# [Work instruction]
Reproduce the entries below exactly, but only from the line containing "Доходы компании от" to the line containing "היא לא שיתפה", inclusive.

# [Records to process]
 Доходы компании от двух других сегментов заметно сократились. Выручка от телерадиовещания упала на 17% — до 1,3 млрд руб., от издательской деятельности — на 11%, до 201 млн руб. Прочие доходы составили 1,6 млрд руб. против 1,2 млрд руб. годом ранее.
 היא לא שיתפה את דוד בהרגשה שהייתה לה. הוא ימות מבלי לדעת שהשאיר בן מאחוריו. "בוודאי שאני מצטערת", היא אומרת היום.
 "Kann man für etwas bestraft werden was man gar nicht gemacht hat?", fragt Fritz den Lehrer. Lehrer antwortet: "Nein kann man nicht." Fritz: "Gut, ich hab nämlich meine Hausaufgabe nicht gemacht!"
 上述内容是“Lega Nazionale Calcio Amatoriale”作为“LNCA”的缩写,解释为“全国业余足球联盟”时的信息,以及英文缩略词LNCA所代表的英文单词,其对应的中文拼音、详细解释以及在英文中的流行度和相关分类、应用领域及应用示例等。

==

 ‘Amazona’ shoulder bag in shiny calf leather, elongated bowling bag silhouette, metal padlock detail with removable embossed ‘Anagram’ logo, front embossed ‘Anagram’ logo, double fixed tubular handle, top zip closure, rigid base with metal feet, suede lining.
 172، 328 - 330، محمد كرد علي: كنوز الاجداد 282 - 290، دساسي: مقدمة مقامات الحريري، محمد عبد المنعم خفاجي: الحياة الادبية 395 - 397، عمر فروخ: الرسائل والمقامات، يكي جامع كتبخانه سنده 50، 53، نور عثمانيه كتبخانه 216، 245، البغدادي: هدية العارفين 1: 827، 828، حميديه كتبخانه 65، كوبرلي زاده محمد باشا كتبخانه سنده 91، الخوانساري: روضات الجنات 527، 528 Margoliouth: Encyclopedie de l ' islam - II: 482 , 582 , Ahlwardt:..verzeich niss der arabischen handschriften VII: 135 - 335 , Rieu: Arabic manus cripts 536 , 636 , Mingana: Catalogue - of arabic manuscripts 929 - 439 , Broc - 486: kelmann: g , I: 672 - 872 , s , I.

# [Exercise result]
 Доходы компании от двух других сегментов заметно сократились. Выручка от телерадиовещания упала на 17% — до 1,3 млрд руб., от издательской деятельности — на 11%, до 201 млн руб. Прочие доходы составили 1,6 млрд руб. против 1,2 млрд руб. годом ранее.
 היא לא שיתפה את דוד בהרגשה שהייתה לה. הוא ימות מבלי לדעת שהשאיר בן מאחוריו. "בוודאי שאני מצטערת", היא אומרת היום.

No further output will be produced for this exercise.